Fig.5 shows animated GIF of a fraction of the whole image, clicking the image shows comparison to the raw Bayer (with the limited gray level), caption links the full size images for these 3 modes.
No de-noise code is used, so amplification of the pixel shot noise is clearly visible, especially on the uniform surfaces, but aliasing cancellation remained functional even with abrupt changing of the convolution kernels as ones shown in Fig.4.
Algorithms suitable for FPGA implementation are tested with the simulation code. Processing of the images subject to the typical optical aberration of the fisheye lens DSL227 does not add significantly to the computational complexity compared to the pure symmetric convolution using lapped MDCT based on the 8×8 pixels two-dimensional DCT-IV.

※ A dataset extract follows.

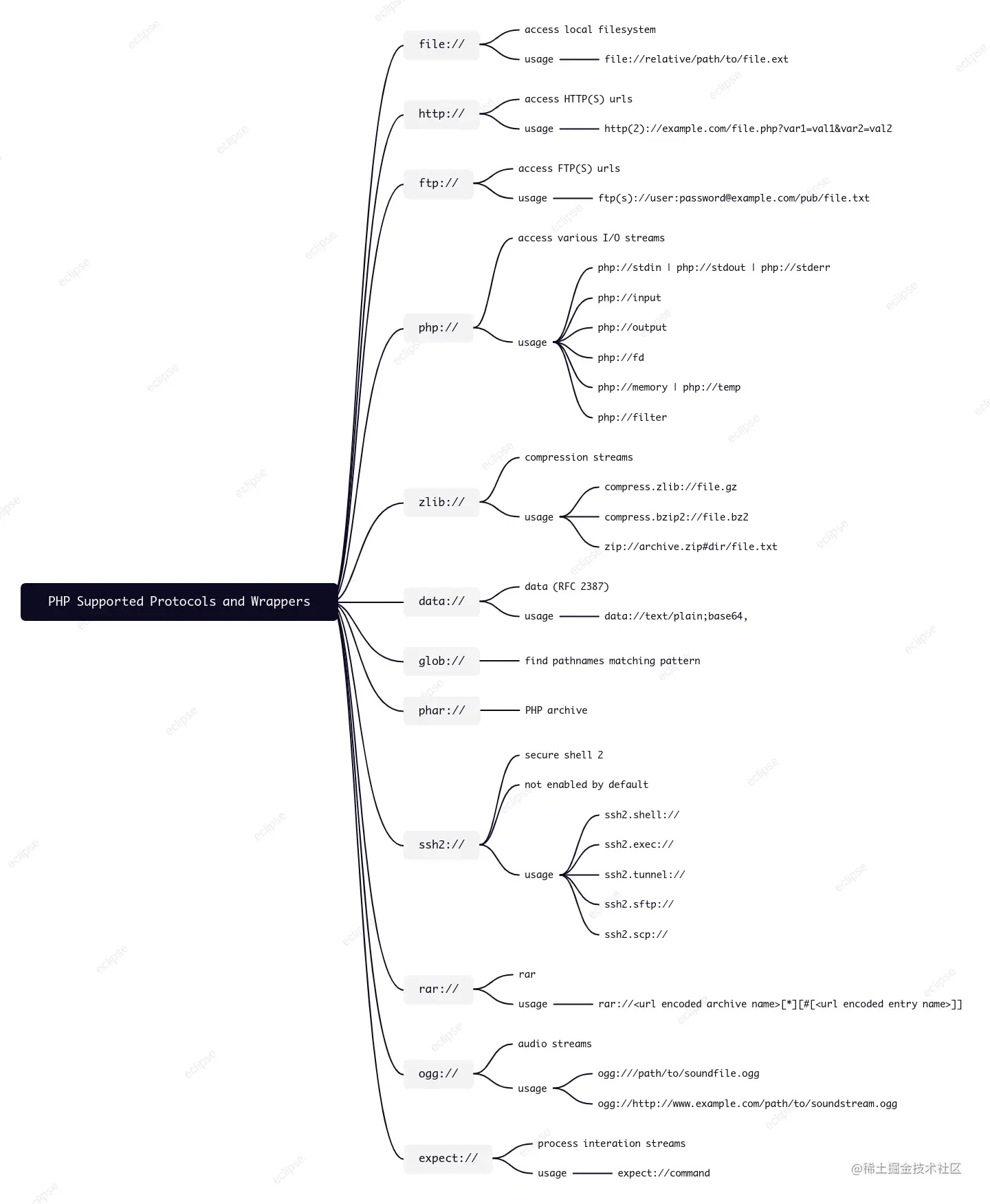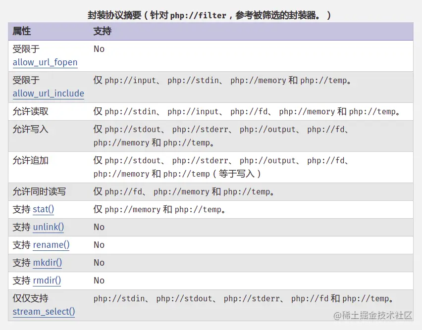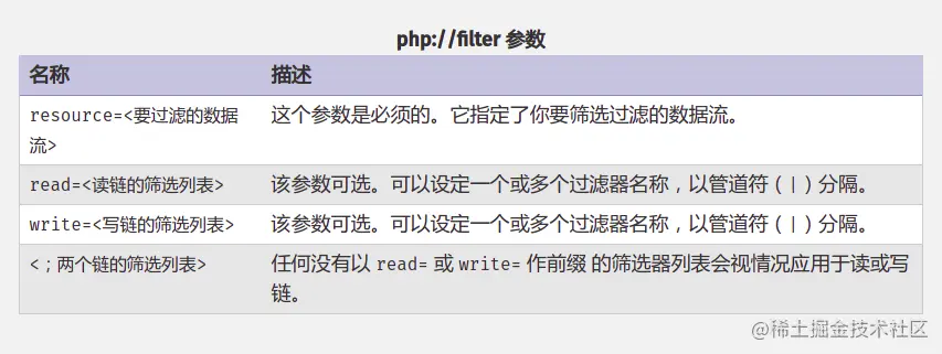 php://filter 用于数据流打开时的筛选过滤;应用于 all-in-one (一体式) 文件系统函数 (比如:readfile(), file(), file_get_contents()),在数据流读取之前没有机会应用其他过滤器;复合过滤链能在一个路径上制定:

This solution can be used as a first stage of the real time image correction and rectification, capable of sub-pixel resolution in multiple application areas, such as 3-d reconstruction and autonomous navigation.
 Plonka, Gerlind, and Manfred Tasche. “Fast and numerically stable algorithms for discrete cosine transforms.” Linear algebra and its applications 394 (2005): 309-345.
 Martucci, Stephen A. “Symmetric convolution and the discrete sine and cosine transforms.” IEEE Transactions on Signal Processing 42.5 (1994): 1038-1051. pdf
 Suresh, K., and T. V. Sreenivas. “Linear filtering in DCT IV/DST IV and MDCT/MDST domain.” Signal Processing 89.6 (2009): 1081-1089. Abstract and full text pdf.
 Reju, Vaninirappuputhenpurayil Gopalan, Soo Ngee Koh, and Ing Yann Soon. “Convolution using discrete sine and cosine transforms.” IEEE Signal Processing Letters 14.7 (2007): 445. pdf
 Malvar, Henrique S. “Extended lapped transforms: Properties, applications, and fast algorithms.” IEEE Transactions on Signal Processing 40.11 (1992): 2703-2714.